Rezension

Wer ist der Junge auf dem Blindgänger?

Der Schieber - Cay Rademacher

Der Schieber
von Cay Rademacher

Bewertet mit 5 Sternen

Hamburg, Frühjahr 1947 – die Stadt ist nach wie vor größtenteils zerstört. Täglich werden Blindgänger gefunden und entschärft. Die Menschen hungern. Wenigstens frieren sie nicht mehr, denn es herrscht jetzt Ende Mai Tropenhitze. Der Schwarzmarkt floriert.

Dies ist die Kulisse zu Frank Staves zweitem Fall. Er wird zu einem Mordfall in den Hafen gerufen. Ein toter Jugendlicher liegt dramatisch drapiert auf einer Fliegerbombe. Da der Hafen dem Britischen Militär untersteht, ist auch Lt. James MacDonald bei den Ermittlungen wieder an seiner Seite.
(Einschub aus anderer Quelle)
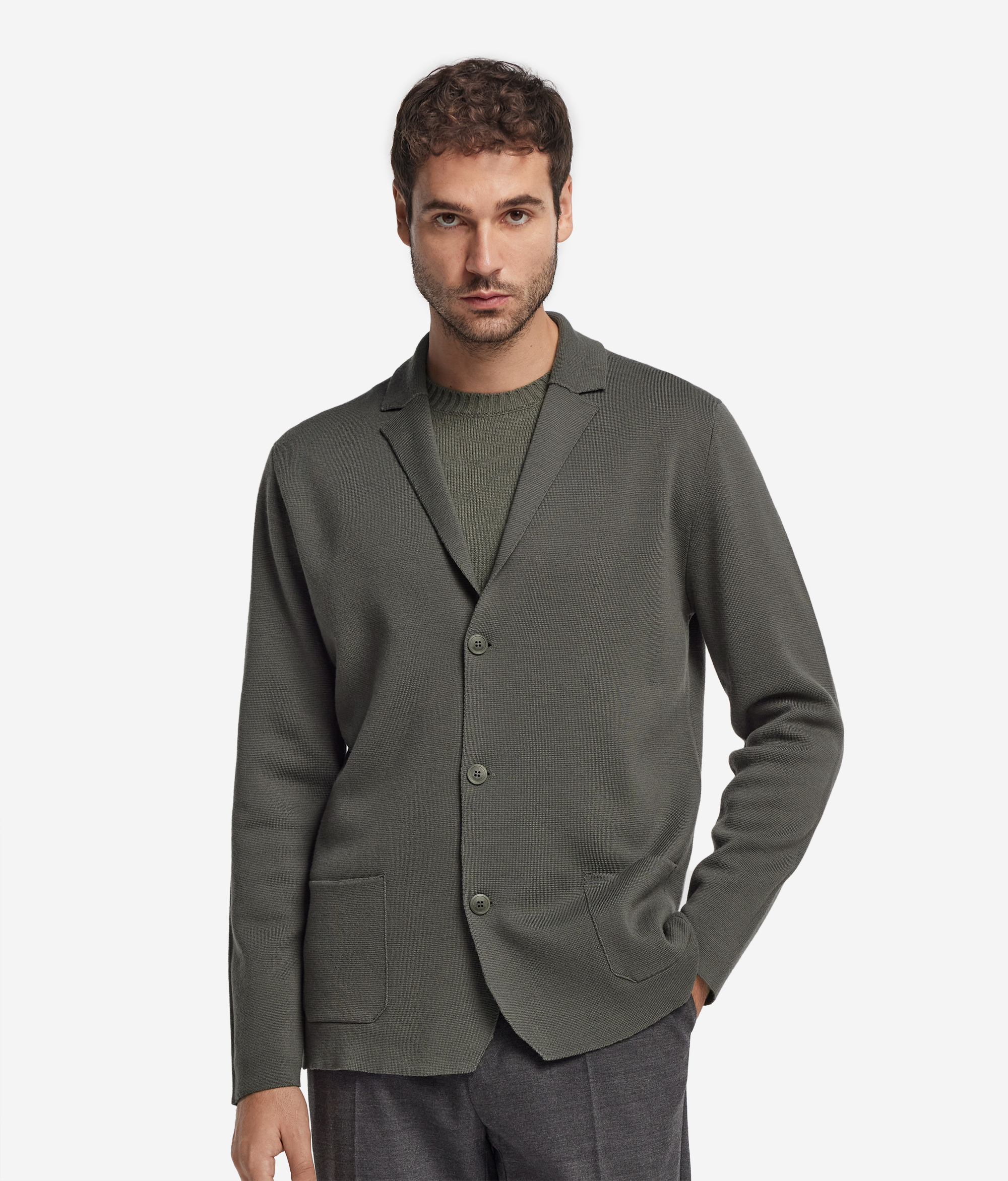 Этот пиджак, выполненный из высококачественного шерстяного вязанотканого полотна, отличается особым благородством. Элегантный отложной воротник, длинные рукава и однобортная застёжка на две пуговицы придают модели утончённую выразительность. Функциональные накладные карманы, оставаясь незаметными, гармонично дополняют прямой силуэт, который обеспечивает полную свободу движений.

Stave hat nicht nur bei seiner Arbeit den Mörder zu finden Probleme, nein auch in seinem Privatleben geht es drunter und drüber. Karl, sein Sohn kehrt aus der russischen Kriegsgefangenschaft wieder zurück. Das Zusammenleben der beiden vom Krieg gebeutelten Männer gestaltet sich schwierig. Dazu kommt, dass Staves Beziehung zu Anna hart auf die Probe gestellt wird. Sie gibt nicht allzu viel aus ihrer Vergangenheit preis, was den Polizisten zum Grübeln bringt.

Die Suche nach dem Mörder gestaltet sich verzwickt. Da ist zum einen sein Kollege Cäsar Dönnecke, der ihm das Leben schwer macht und zum anderen werden weitere Kinder, die allesamt das erste Mordopfer kannten, ermordet.
Wie hängen diese Verbrechen zusammen? Denn, dass sie zusammenhängen ist offensichtlich.

Stave und MacDonald gehen gemeinsam vor. Manchmal umgehen sie die geltenden Gesetze. Die Dialoge der beiden sind sarkastisch und humorvoll. Der Deutsche und der Engländer lavieren sich geschickt durch die Vorschriften.

Wird Oberinspektor Stave den oder die Mörder finden und festsetzen können?

Ich finde diesen Krimi, der in die Geschichte Hamburgs eingebettet ist grandios.
Die Beteiligten werden lebensecht und voller Zweifel dargestellt. Die Zwickmühlen in denen sowohl Stave als auch MacDonald stecken sind glaubwürdig beschrieben.

So oder ähnlich hat sich das Leben der Bevölkerung in vielen Städten Europas nach dem Krieg abgespielt. Der Leser kann dies hautnah miterleben. Auch die Ohnmacht Einzelner (wie Staatsanwalt Ehrlich), wenn manche der braunen Gesellen sehr, sehr rasch wieder zu Ansehen und Macht kommen.

Die Sprache ist der Situation angepasst. Ein wenig schräger Humor darf auch nicht fehlen.
Die Charaktere gut gezeichnet und haben Ecken und Kanten.

Fazit: wieder fünf Sterne und eine Leseempfehlung.